* _Supplied material_:
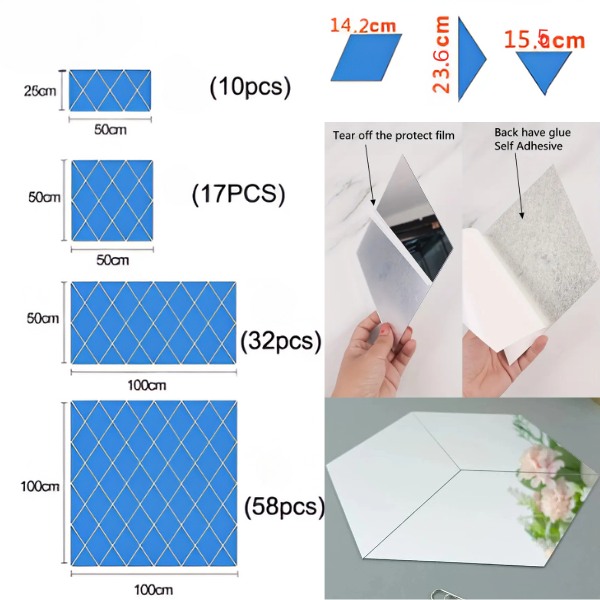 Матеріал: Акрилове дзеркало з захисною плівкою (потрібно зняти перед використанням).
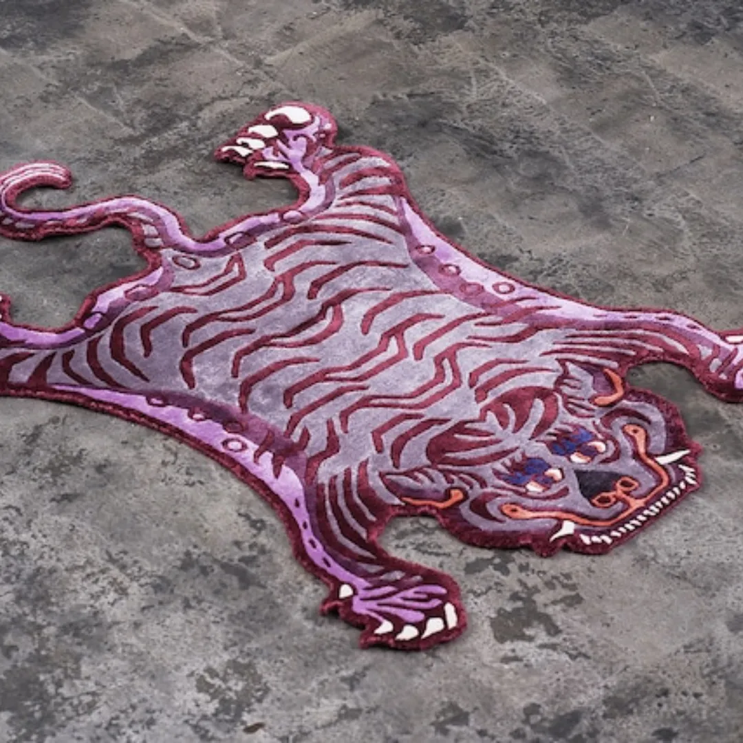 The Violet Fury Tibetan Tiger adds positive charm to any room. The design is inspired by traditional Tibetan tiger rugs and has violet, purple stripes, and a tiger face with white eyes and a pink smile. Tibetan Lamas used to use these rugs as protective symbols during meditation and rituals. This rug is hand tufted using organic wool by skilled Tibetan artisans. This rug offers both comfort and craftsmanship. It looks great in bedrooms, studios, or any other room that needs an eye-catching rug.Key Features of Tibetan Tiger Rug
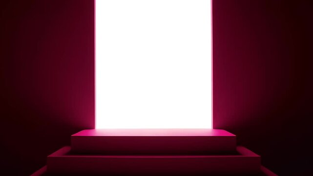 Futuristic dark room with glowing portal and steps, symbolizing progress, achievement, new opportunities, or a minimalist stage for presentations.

* _How to complete this task_:
In the copy, include each line from the start of the material through the line with "The Violet Fury", word for word, but none of the pictures.

* _Result_:
 Матеріал: Акрилове дзеркало з захисною плівкою (потрібно зняти перед використанням).
 The Violet Fury Tibetan Tiger adds positive charm to any room. The design is inspired by traditional Tibetan tiger rugs and has violet, purple stripes, and a tiger face with white eyes and a pink smile. Tibetan Lamas used to use these rugs as protective symbols during meditation and rituals. This rug is hand tufted using organic wool by skilled Tibetan artisans. This rug offers both comfort and craftsmanship. It looks great in bedrooms, studios, or any other room that needs an eye-catching rug.Key Features of Tibetan Tiger Rug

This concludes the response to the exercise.